NewsCenter 5's Steve Lacy reported that there was some kind of incident involving two officers, one from the city of Worcester and one from Clark University, and a yellow sports car.

The Clark University officer was alerted to an incident at State Liquors and responded with the Worcester officer. That officer, identified as Michael Palermo, was injured in an accident. He suffered a broken leg. The Worcester officer was also injured, but not as seriously. His identity has not been released.

It was unclear whether the yellow car involved in the accident was fleeing a crime. The driver of that car was taken into custody.

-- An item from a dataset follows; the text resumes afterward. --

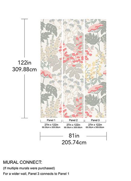 Celebrate feminine elegance with this lush floral mural. Gorgeous woodland flowers have been reimagined in an immense scale and dreamy color palette of pastel pinks, blues, and greys. Pink Paradise Pink & Dove Grey Wall Mural comes on 3 panels and measures 6-ft 8-in wide by 10-ft 2-in long when assembled.

*NewCenter 5 and the Boston Channel.com will have more details as they become available.*

_Copyright 2006 by TheBostonChannel.com. All rights reserved. This material may not be published, broadcast, rewritten or redistributed._


----------



## CampusOfficer (Dec 29, 2002)

*Two police officers in Worcester hurt on the job*

_
WORCESTER, Mass. -- Two police officers in Worcester are hurt in the line of duty. 
A routine traffic stop turned near deadly after a Clark University police officer Michael Polermo and a Worcester police officer pulled a car over on Park Avenue near Clark University. *The suspect had apparently been flashing a false police badge at women near the Clark University campus*. Shortly after being pulled over, the suspect took off dragging both police officers until his car flipped over. 
The suspect was arrested, and police also found a 45-caliber handgun under his seat. A number of charges are sure to follow today, including attempted murder, because two officers were badly injured.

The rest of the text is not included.